Can student reviews provide us with meaningful insights into the quality of higher education at a provider? There is good reason to assume not – few students have comparable experiences at multiple providers like TripAdvisor’s contributors have of restaurants.
Reviews are good predictors
A couple of years ago I was highly sceptical about the value of user reviews. Tiring of hearing the perennial promises that the Care Quality Commission (CQC), England’s health and social care regulator, would look at social media posts to identify poor quality care, my colleague and I decided to investigate. Much to our surprise, we found that patient reviews and social media posts were good predictors of the outcome of CQC’s in-depth inspections. When the data from multiple sources was combined, it proved even more effective than any of the individual data sources. Collectively, despite the majority having no clinical training and only interacting with a fraction of the services offered by a hospital, we found that patients provided meaningful insights into quality.
Once these findings were made public, the Quality Assurance Agency (QAA) asked my colleagues and I to investigate whether reviews of higher education providers might also provide some effective insight. To find out, we gathered over 200,000 reviews from Facebook, Whatuni.com and StudentCrowd.com, cleaned and combined the data, and calculated a 365-day moving average “collective-judgement score”.
We looked at these collective-judgement scores immediately before the outcomes of HEFCE’s 2016-17 Annual Provider Review (APR), Teaching Excellence Framework (TEF) year two ratings, and the overall satisfaction scores from the National Student Survey (NSS) for 2015-17, examining how well collective judgement tied in with those outcomes. And what we found mirrored our findings in healthcare: individual data sources were effective predictors of other quality measures and, when combined, they were even better.
Of course, the results are not perfect. Using TEF as an example, there were some Gold providers with a poor collective-judgement score prior to the outcome of the awards, and conversely some Bronze providers with a good collective-judgement score. However, the average collective-judgement score of a Gold provider was higher than that of a Silver provider, which was in turn higher than that of a Bronze provider. Across all of the “mainstream” measures we compared to, we found that the higher a provider’s collective-judgement score, the more likely they were to perform well.
But why is this the case? The reason student reviews are able to predict the outcome of other quality measures appears to be linked to the “wisdom of crowds” phenomenon – which suggests that, under the right circumstances, groups can be remarkably insightful. This can be the case even if the majority of people within a group are not especially well informed. While we as individuals seldom have all the necessary facts to make an accurate assessment, and are subject to numerous heuristics and biases, when our individual assessments are aggregated in the right way, our collective assessment is often highly accurate.
Although an individual review may be focused on just one of hundreds of programmes a provider offers, and not representative of the wider view of that programme, when all the reviews are combined the result is usually an accurate, balanced view on quality.
Real time, public, data
This “wisdom of students”: means the collective-judgement score is an effective predictor of other quality measures, but it also has a number of other attractive qualities.

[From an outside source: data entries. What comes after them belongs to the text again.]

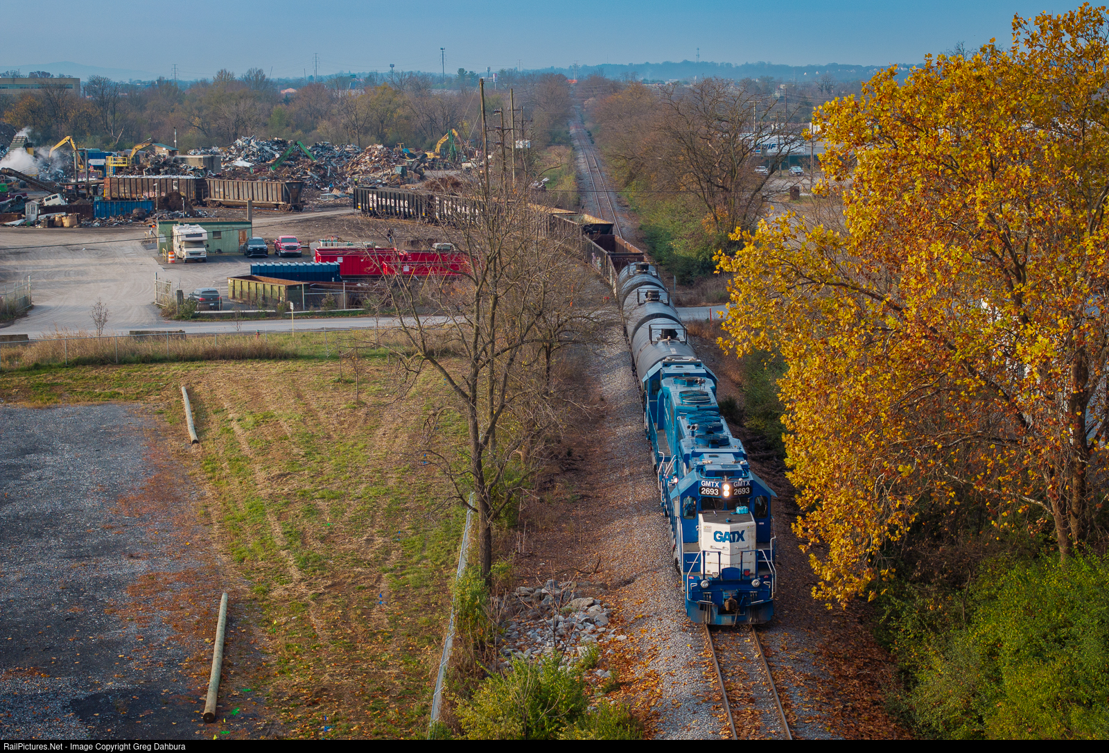 WW102 switches my scrap yard with some of the last signs of fall color visible.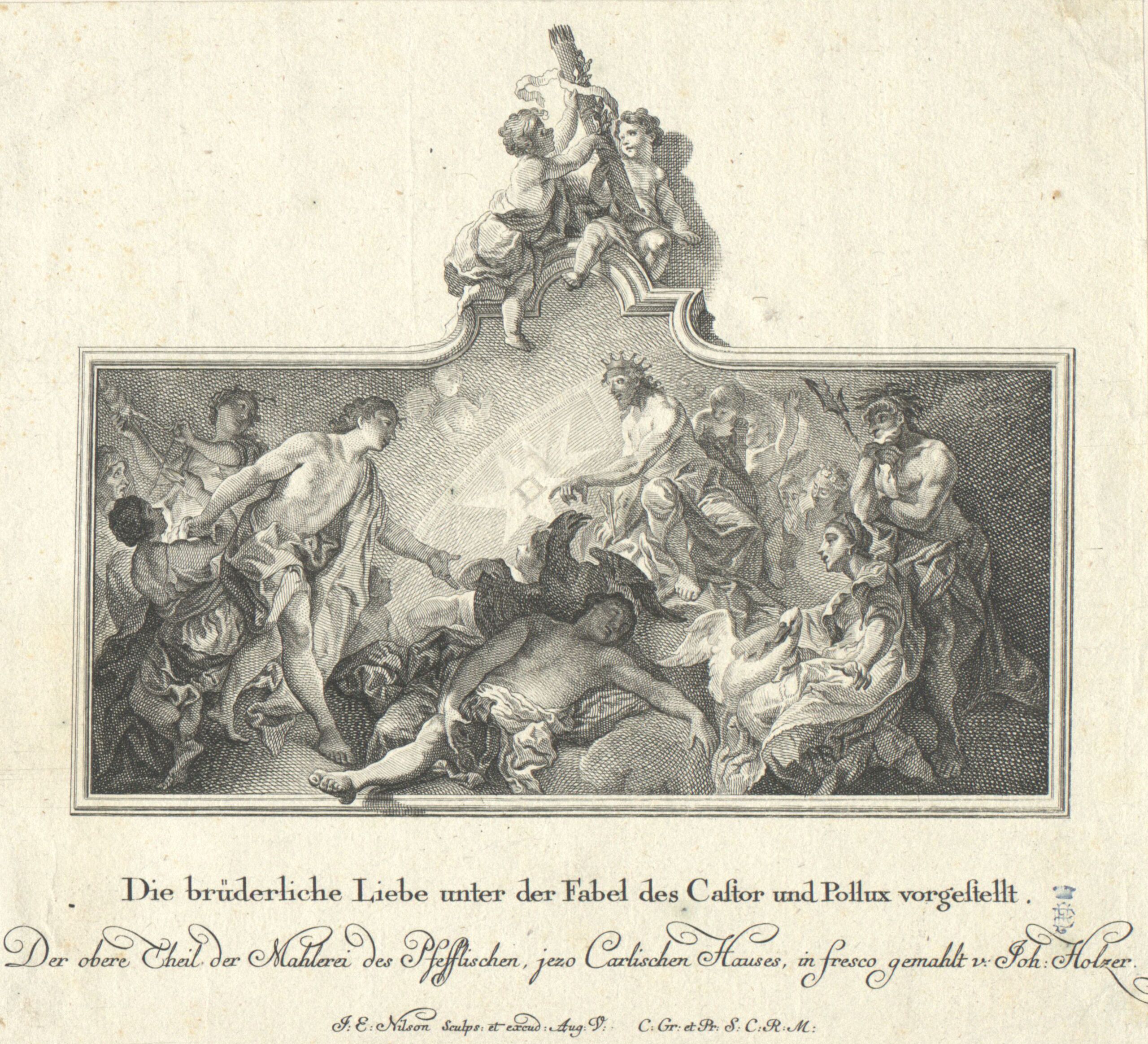 - Text am Objekt: Die brüderliche Liebe unter der Fabel des Castor und Pollux vorgestellt. / Der obere Theil der Mahlerei des Pfefflischen, jezo Carlischen Hauses, in fresco gemahlt v. Joh. Holzer. / J. E. Nilson Sculps. et excud. Aug. V. / C. Gr. et Pr. S. C. R. M.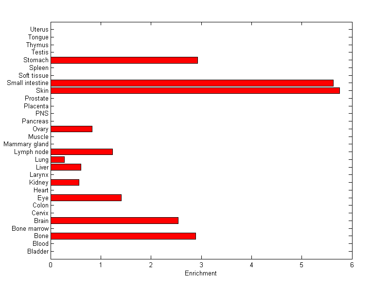 The expression level is normalized with tissue-library size. Each value for a gene in a tissue is a ratio of observed ESTs to the expected one in this tissue. The expected number of ESTs is the product of total ESTs of the gene and the fraction of total ESTs in the tissue among all ESTs in 30 tissues.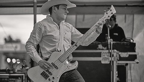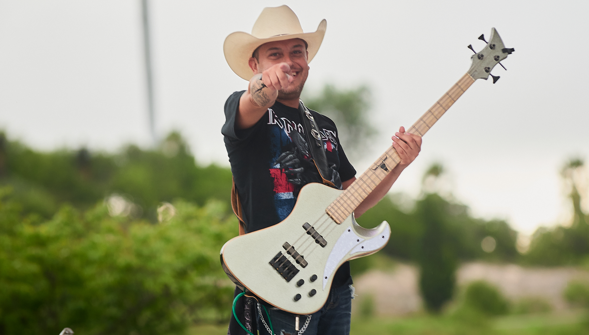 Con energía imparable y ritmo que enciende cada canción, él es el corazón de Bysonte. Nuestro baterista: pura fuerza, pasión y alma country.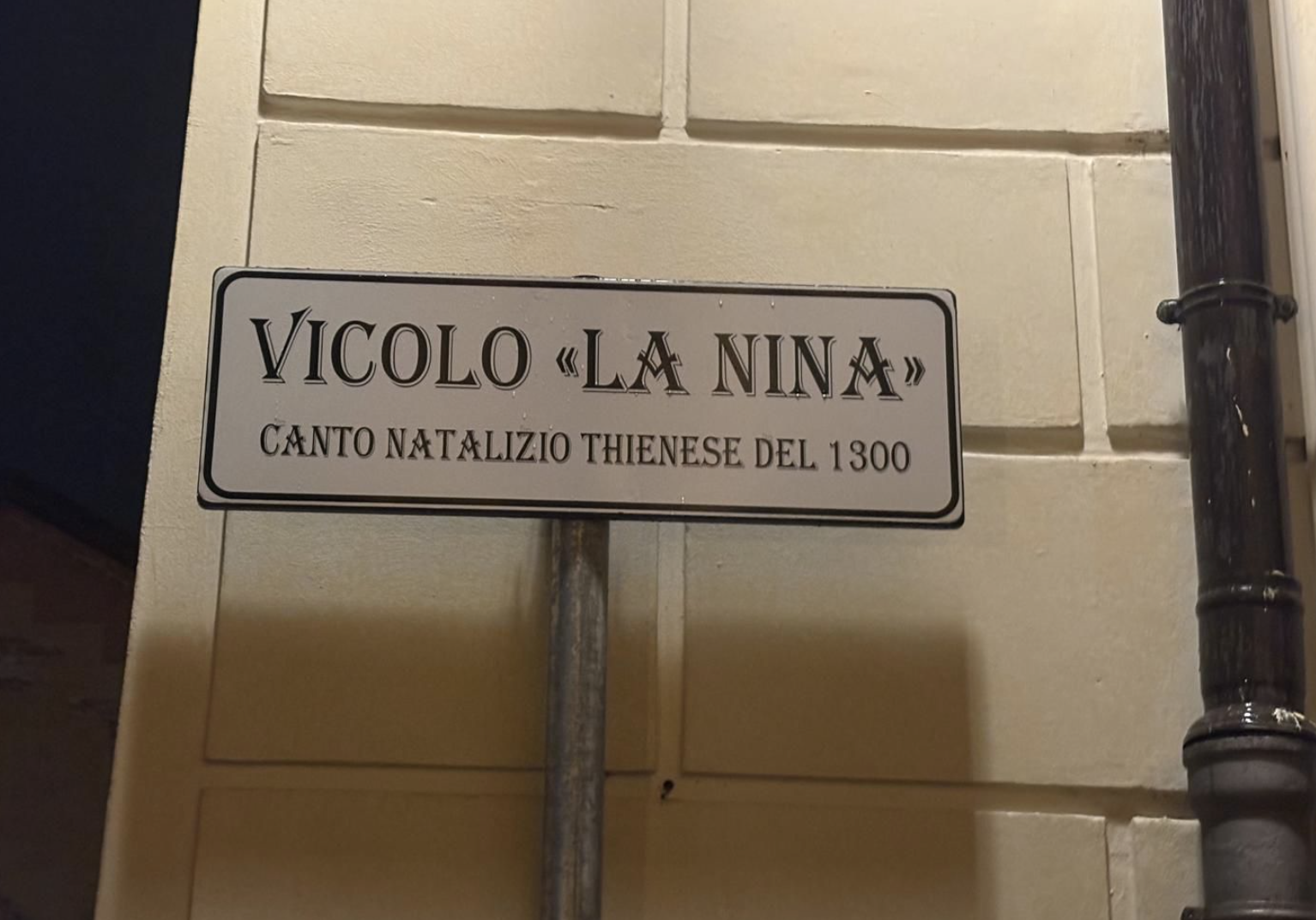 Neppure la fitta pioggia calata su Thiene, alla vigilia di Natale, ha fermato ‘la Nina’, la novena che in città viene cantata dal lontano 1300. Secoli di tradizione, portati avanti con passione e che anche quest’anno, grazie al sodalizio tra ProLoco e Ascom, non è mancata. Ma non solo. Alla storica canta è stato intitolato il vicolo che da piazza Nova porta in centro, costeggiando l’antica chiesa della Natività di Maria, meglio conosciuta dai thienesi come ‘cesetta rossa’.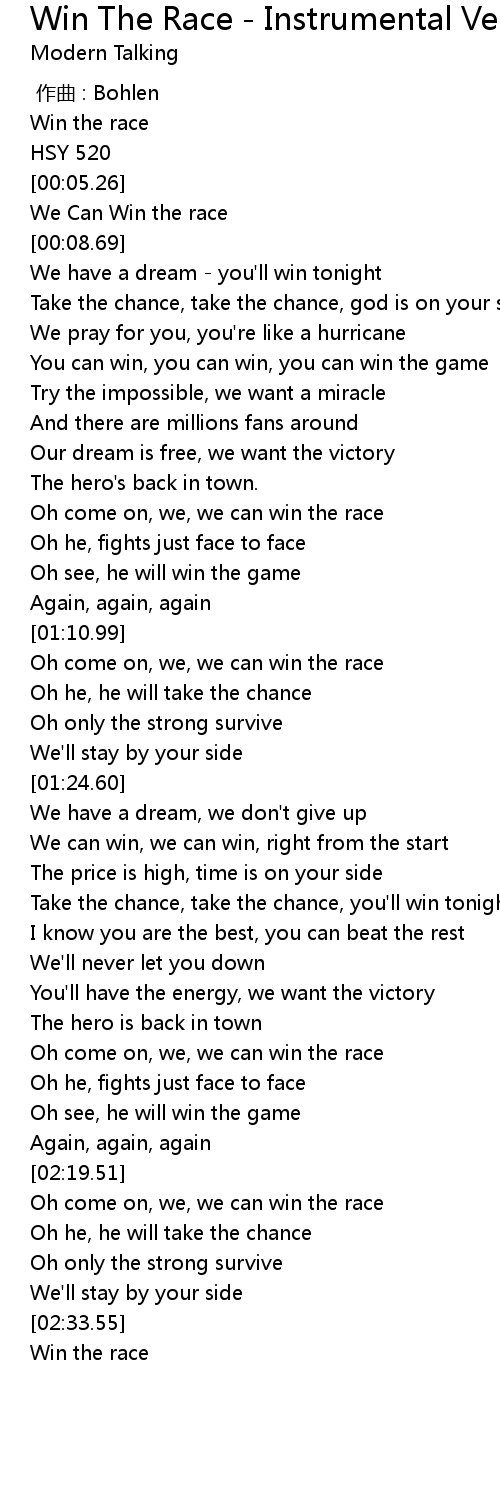 | [01:48.06] | Take the chance, take the chance, you' ll win tonight |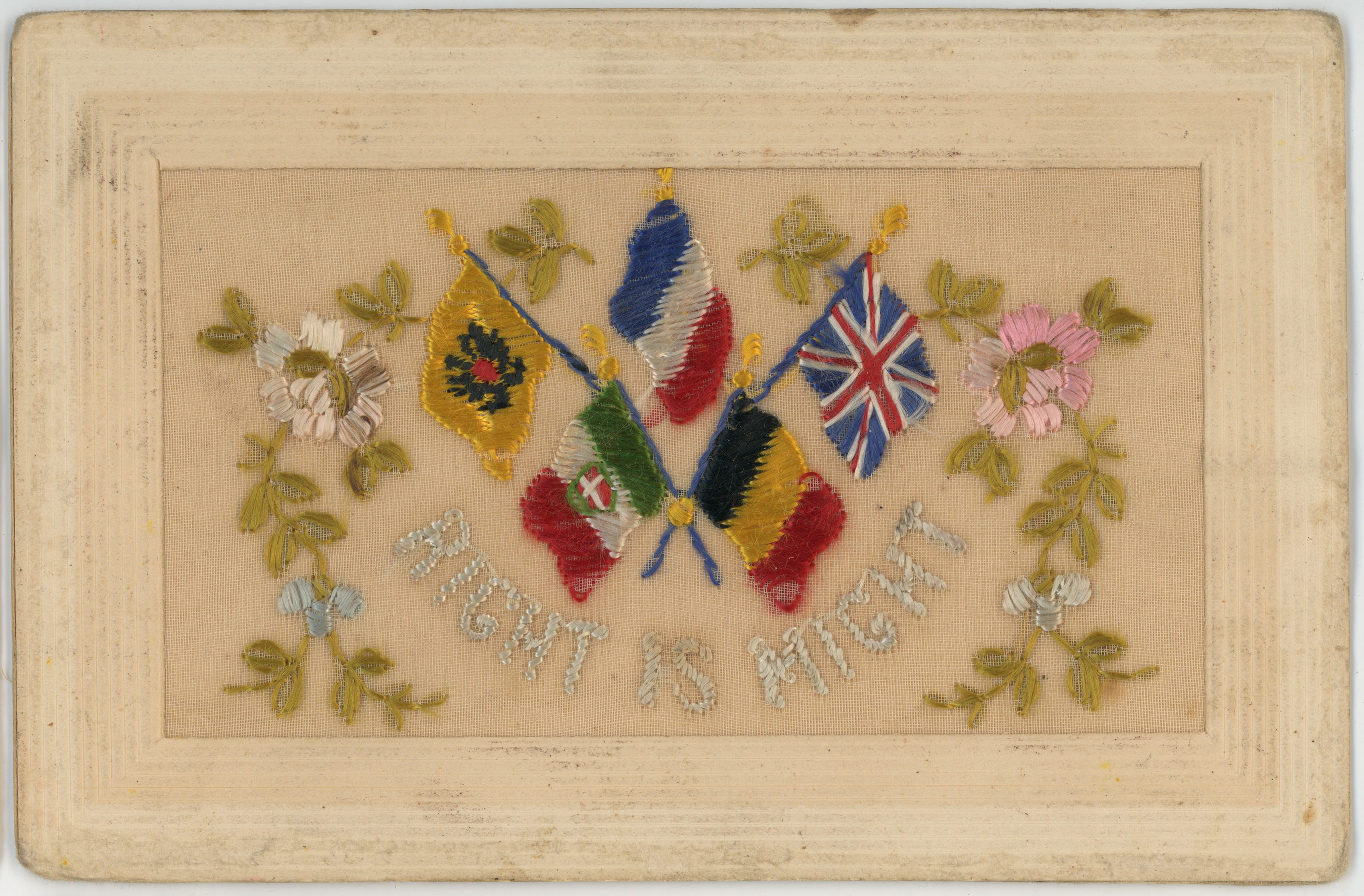 1914 - 1918First World War Silk Postcard with “’Right is Might’ embroidered below the allies’ flags of Russia, France, United Kingdom, Italy and Belgium in the centre of the postcard. There are two (2) sprays of small flowers, one on the left-hand and one on the right-hand side of the postcard. The manufacturer’s name is printed on the back.

Collective-judgement is available in a more timely manner than many existing data sets, often at a more granular-level, offers new insights at different stages of the student experience, and adds no burden to providers’ existing duties.
It does of course have drawbacks too. Measures such as APR, TEF and NSS are not without their critics, and one must question whether agreeing with them to varying degrees is a positive.
In our research we have been careful only to use reviews that students have actively made public (e.g. we have not searched individuals’ Facebook profiles), and any future use of this metric must be mindful to maintain the privacy of reviewers. Finally, there is the clear incentive for providers to enter their own reviews to project a positive image. Steps can be taken to identify and reduce the impact of (or penalise) such activities, and the impact will always be limited by the large and growing volume of genuine feedback, but it cannot be wholly discounted.
The report published today by QAA is only the first step, and the findings suggest there is merit in exploring this idea even further. We will work to add additional data sources to increase the accuracy and coverage of the approach, and, from autumn 2018, QAA will pilot this approach to quality management with ten providers. The pilot will not form part of a formal quality assessment, but will test how this pattern holds over time and what improvements can be made. For now though, we can say that student reviews can indeed provide us with meaningful insights into the quality of higher education at a provider, and this offers exciting opportunities for both quality oversight and quality improvement.